The value the podcast offers to its audience, which is mostly Hibbing High School students and their families, is news and sports bulletins, the hosts said.

“I think we’re just trying to build community,” Menara said. “Get everyone involved.”

They have been recording the podcast for about a year. Early episodes were heavily scripted but, as the hosts got more comfortable, they moved on to looser outlines.

Hibbing High School Students Get On-Air Media Experience Through Opportunity With Bluejacket Career Academies
Hibbing’s Kivana Hill leads the control panel during the weekly production of “Anchor Down,” a student-created video podcast, May 11 at Hibbing Public Access Television studios.

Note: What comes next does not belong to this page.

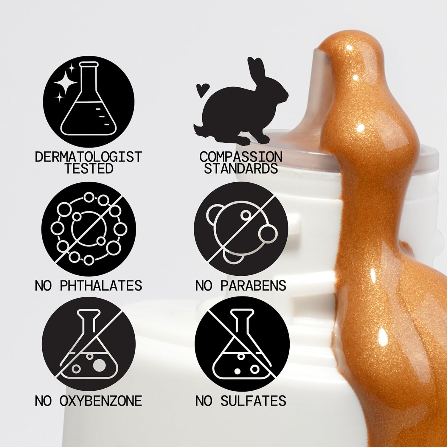 - Customizable & Versatile: These bronzing drops are totally adjustable to your desired level of glow. Use 1-2 drops for a hint of warmth or layer on more for a more pronounced bronze. You can apply it directly as a liquid bronzer on the high points of your face (cheeks, forehead, nose, and chin) or even all over for a no-sun tan effect. Mix it with lotion to add an all-over body glow on shoulders and décolletage. It’s transfer-resistant once it sets, so your radiant glow stays put on your skin, not on your clothes.

Clint Austin / Duluth News Tribune

The idea for the podcast came after Brown, the director of Career Academies, wanted to find a better outlet for Law and Menara, who Brown said were doing a “terrible” job managing the program’s social media accounts. last year despite their mastery of these platforms. in general. Law even manages the accounts of amateur football club Duluth FC.

“I wanted to find them something that turned them on a little more,” said Brown, who joked that he had “fired” — or at least “fired” — the couple twice. “You can just tell when a child isn’t interested in something.”

So he and Wirkkula, the station president, presented a podcast to Law and Menara at the end of last school year, and they in turn contacted McDonald about it. The academies aim to help Hibbing High School students discover their future careers before they graduate.

“That’s where his debut came from…how do we find a place where these guys can do their thing and also get our program out there?” said Brown.

Hibbing High School Students Get On-Air Media Experience Through Opportunity With Bluejacket Career Academies
The students wear shorts and sneakers during the weekly production of “Anchor Down”.

Clint Austin / Duluth News Tribune

All three hosts are avid football fans. Both Menara and Law have released a handful of football-centric podcasts they were in before starting their own. Law liked the idea of ​​a show for people at their school. Menara was drawn to the idea of ​​people watching them on YouTube and other outlets.

“And we would walk out of class,” he joked. “So that’s kind of what brought it all together.”

Law, who spent the early episodes working behind the scenes on the podcast, said he appreciated the chance to try his hand before hitting the cameras. McDonald thinks the podcast helps him talk and talk and provides an experience that could help him with broadcasting — that was part of what appealed to him about the podcast in the first place.

McDonald laughed, however, when asked if any of them had been recognized on the street.

“Not really,” he said.

Hibbing High School Students Get On-Air Media Experience Through Opportunity With Bluejacket Career Academies
Kalin Menara, left to right, Ayden McDonald and Harrison Law on set during the weekly production of ‘Anchor Down’.